_WHAT YOU NEED TO DO:_
The copy should begin at the line containing "A charming and" and end at the last line of the material. Please reproduce those lines exactly and keep pictures out.
[SUPPLIED INFORMATION Boundary: Start]
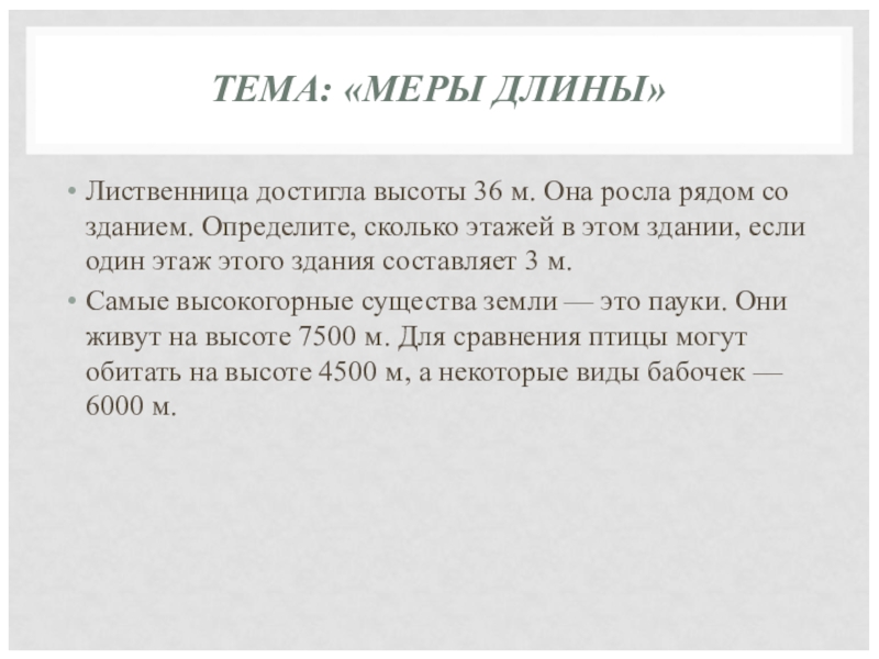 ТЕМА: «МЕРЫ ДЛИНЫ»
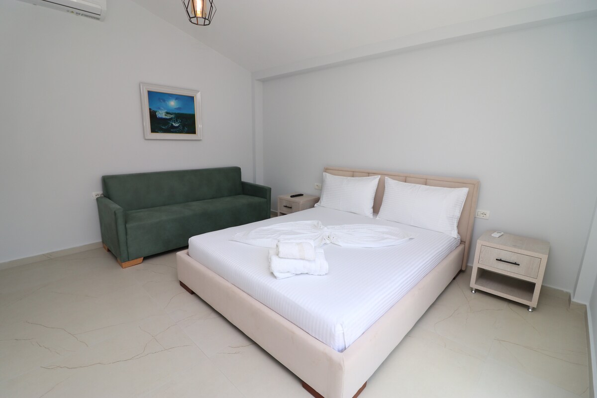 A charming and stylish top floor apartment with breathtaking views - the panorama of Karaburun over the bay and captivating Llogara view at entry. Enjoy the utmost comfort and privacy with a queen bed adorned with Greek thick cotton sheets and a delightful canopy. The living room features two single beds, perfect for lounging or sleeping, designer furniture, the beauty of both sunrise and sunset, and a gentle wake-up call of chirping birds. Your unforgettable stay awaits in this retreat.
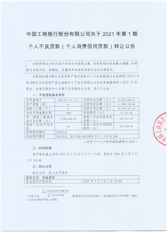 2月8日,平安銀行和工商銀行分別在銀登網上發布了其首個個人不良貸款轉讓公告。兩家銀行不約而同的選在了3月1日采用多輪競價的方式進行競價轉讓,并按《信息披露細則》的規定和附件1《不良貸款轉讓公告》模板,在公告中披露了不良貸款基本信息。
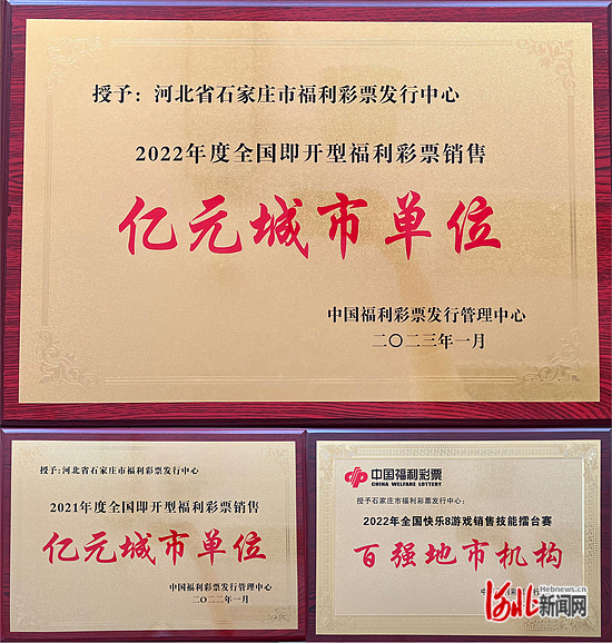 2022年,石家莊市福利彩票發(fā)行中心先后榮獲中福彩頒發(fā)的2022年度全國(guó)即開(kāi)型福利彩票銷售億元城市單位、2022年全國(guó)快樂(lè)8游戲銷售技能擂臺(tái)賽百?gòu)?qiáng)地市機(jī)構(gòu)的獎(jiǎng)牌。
[SUPPLIED INFORMATION Boundary: End]
_PROBLEM SOLUTION:_
 A charming and stylish top floor apartment with breathtaking views - the panorama of Karaburun over the bay and captivating Llogara view at entry. Enjoy the utmost comfort and privacy with a queen bed adorned with Greek thick cotton sheets and a delightful canopy. The living room features two single beds, perfect for lounging or sleeping, designer furniture, the beauty of both sunrise and sunset, and a gentle wake-up call of chirping birds. Your unforgettable stay awaits in this retreat.
 2月8日,平安銀行和工商銀行分別在銀登網上發布了其首個個人不良貸款轉讓公告。兩家銀行不約而同的選在了3月1日采用多輪競價的方式進行競價轉讓,并按《信息披露細則》的規定和附件1《不良貸款轉讓公告》模板,在公告中披露了不良貸款基本信息。
 2022年,石家莊市福利彩票發(fā)行中心先后榮獲中福彩頒發(fā)的2022年度全國(guó)即開(kāi)型福利彩票銷售億元城市單位、2022年全國(guó)快樂(lè)8游戲銷售技能擂臺(tái)賽百?gòu)?qiáng)地市機(jī)構(gòu)的獎(jiǎng)牌。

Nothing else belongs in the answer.